Readers’ wildlife photos

It’s time for me to importune readers to send in your good photos. To put up a wildlife post nearly every day does require the assistance of photographers!  And your photos will get an appreciative audience of nearly 55,000.  Today we have some photographs from Mark Sturtevant, sent in mid-February. This continues the developmental cycle whose first stages were presented here.

Here is the final stretch of pictures from last summer where I raised several hickory horned devils, which are the giant larvae of the royal moth (Citheronia regalis) . The first two pictures show where we left off last time, which was at feeding 4th instar larvae. They were pretty big by then, but soon they would get a lot bigger.

I had been trying to get pictures of a 4th instar larva molting to the final (5th) instar, and here at last I had success! Commitment to molting starts when the larva stops feeding and assumes a distinctive ‘premolt’ position. I can then set them up in our dining room in front of the camera, and they will not leave the perch for up to several days until they molt. In the second premolt picture the cuticle is visibly wrinkled, meaning they have separated their old cuticle from the new one which is underneath. I was pretty much freaking out at that time since I was not about to let this one slip past!

The next several pictures show the full molt process, with the old cuticle splitting, and emergence of the 5th instar. The additional broad white stripes that appear down the sides are the old cuticle that had lined the system of tracheal tubes through which the insect breathes. They too are being stripped out. In the final pictures of this sequence the larva pulls free, and then comes to a rest. The whole sequence, once begun, only took several minutes. Post-molt larvae will sit like this for several hours as their new cuticle hardens, then they start to move again and their first act is to eat some of the old cuticle. Note that by then the horns are well pigmented.

At about this time I stumbled across a simple method to make gif animations in Gimp, which is the free photo editing program that I use to process pictures. So next is an impromptu gif animation of the complete sequence of a hickory horned devil molting. Not many people get to see this!

At first, the newly molted 5th instar larvae were the predominantly brown color that dominated their earlier instars. It must be admitted, however reluctantly, that they are not terribly attractive through that extended time. But that soon changed dramatically as the 5th instars resumed their feeding and took on their characteristic green color. As a bonus, before taking on their final color many of them temporarily turned bright yellow. That is actually my favorite ‘look’ for these larvae, and the picture of the yellow 5th instar is actually one of my favorite buggy pictures from last summer.

Next are pictures of green 5th instars. Their increased appetites at this time meant they were more demanding. The large bundles of leaves that I could collect from local black walnut trees used to be sufficient for several days, but now they were barely sufficient for one day. The poo also accumulated at an impressive rate, and their audible ‘announcements’ were hard to ignore. The caterpillars were kept in a series of large plastic containers, each stuffed with a bouquet of leaves. Every few minutes anyone in the vicinity of the dining room area would hear a “Plink!” or “Plunk!” as kidney bean sized droppings hit the bottom. It was… a subject of some conversations during dinner.

The larvae attained their maximal size after a bit more than a week. I never measured them, but they are described as getting to 6 inches and I can well believe it. During sessions when I extracted a couple giants from their container to photograph, I could generally rely on them eating during the entire time. They were pretty intent on packing it in.

Then it all started to change. One by one, the larvae would lose interest in eating as they began to prepare for metamorphosis. The sign of this new phase was when a larva would descend from the leaves to wander around the bottom of their container.

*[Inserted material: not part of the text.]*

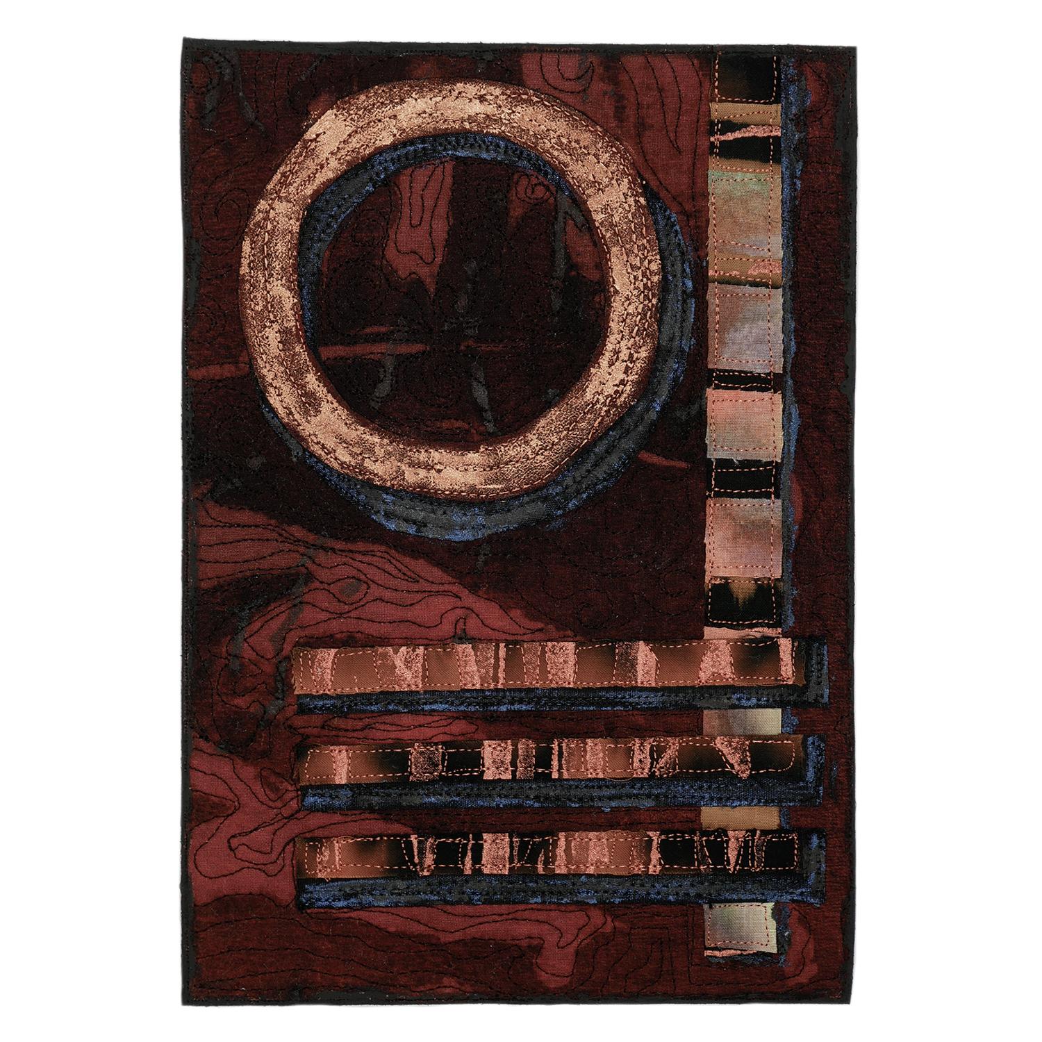 This is a collage of fabric pieces. I enjoy experimenting in my studio. Sometimes things work, sometimes they don't, but don't ever throw anything away because it may be used in a way that you haven't discovered yet. The underlying fabric of this piece is a black fabric that has been discharged. I layered it with a silk chiffon scarf that I painted with black and orange metallic paint. Bleached and painted fabrics are what consist of the small pieces layered on top of the silk scarf. I like to stitch the edges of my quilt and then paint them so they don't fray.

As the days passed I would generally find one or two that had reached that point. The wandering larvae would also turn a pretty blue color, which is an optical effect from the brown pupal cuticle developing underneath their larval cuticle. This is shown in the next picture with a bunch of blue and green larvae in my hand. This is actually an old picture from some years ago when I had first raised a batch of devils.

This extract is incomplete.